La star: la vera musica non abita nei talent show

ANDREA MALAGUTI
CORRISPONDENTE DA LONDRA
Perché il suo non sembrasse il lamento inevitabile di una stella della musica che comincia a sentire il peso dell’età, il Cavaliere dell’Impero britannico Elton Hercules John, 63 anni e 350 milioni di dischi venduti nel mondo, impegnato in questi giorni nella realizzazione di un musical sulla Fattoria degli animali di Orwell - e magari influenzato anche un po’ da quello - ha cominciato spiegando a Radio Time Magazine che a lui Lily Allen, Lady Gaga e Amy Winehouse, idolatrate regine dell’oggi, piacciono moltissimo. Però poi, girato l’angolo, non è che si trovi tanto. Certo, ci sono American Idol o X Factor, ma i talent show, a dire la verità, lo annoiano a morte. La tv prende i ragazzi per strada, li butta sul palco davanti a un pubblico da corrida e mette loro in mano una canzone dei Queen. Se lì per lì funziona, li tiene sotto i riflettori per un anno. Quindi fine della corsa.

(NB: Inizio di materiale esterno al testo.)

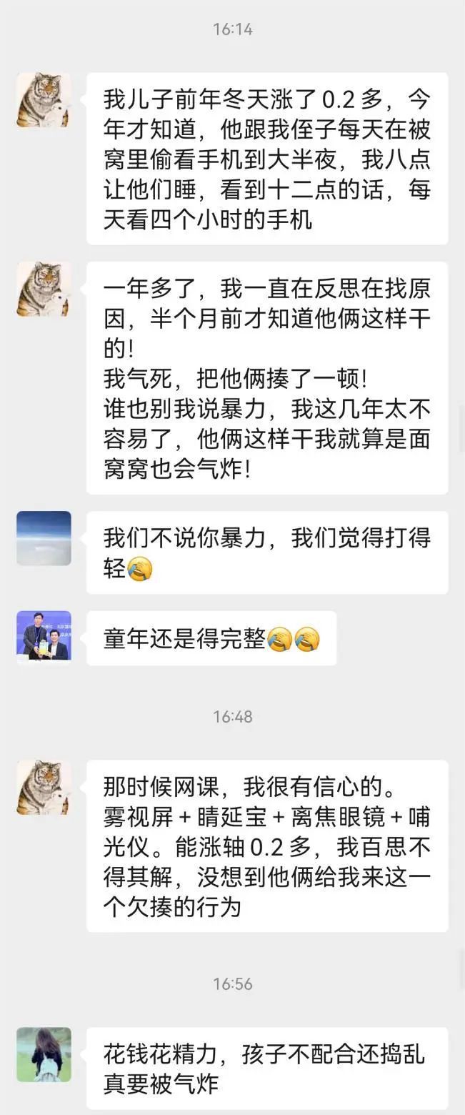 这家孩子更狠,一个冬天眼轴长了0.2mm,原本“雾视屏+睛延保+离焦眼镜+哺光仪”的防控组合,她很有信心,结果让她大跌眼镜,她一直在反思找原因,直到一年后偶然间才知道那段时间发生了什么,“他和我侄子每天在被窝里偷看手机到大半夜,我八点让他们睡,他们看到12点的话,每天看4个小时手机”。“只恨自己没有及时发现”。后面这个情况终止了,眼轴就控制下来了。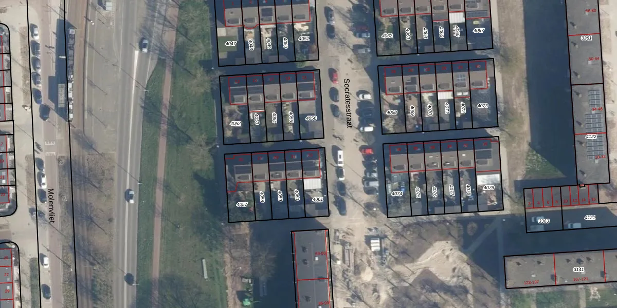 Socratesstraat 33 is gelegen op kadastraal perceel ISM01C4061. Deze kadastrale aanduiding is uniek en wordt gebruikt door het Kadaster om eigendomsrechten en andere zakelijke rechten vast te leggen. Het perceel maakt onderdeel uit van de kadastrale gemeente IJsselmonde.

«Ma che fine faranno Leona Lewis o Alexandra Burke, senza qualcuno che scriva testi per loro?». E sopratutto dov’è finita l’arte? «I talent show fanno spettacolo. Bravissimi. Ma la musica non abita lì. Anche Susan Boyle è un fenomeno accattivante, ma credo che non abbia nessuna idea delle vere difficoltà dello showbusiness». Avvisata. Perché la sepoltura del Golem fosse completa, Sir Elton ha anche aggiunto che i testi delle nuove canzoni gli sembrano «piuttosto brutti, omologati, tanto da far sembrare i pezzi tutti uguali. Manca l’ispirazione». Non come ai suoi tempi. Ma questo si è ben guardato dal sottolinearlo.
Quando iniziò lui, in ogni caso, il suo paroliere si chiamava Bernie Taupin e nella vita, oltre a scrivere canzoni per entrambi e per se stesso, faceva (lo fa tuttora) il poeta. Un uomo romantico, che si è molto innamorato.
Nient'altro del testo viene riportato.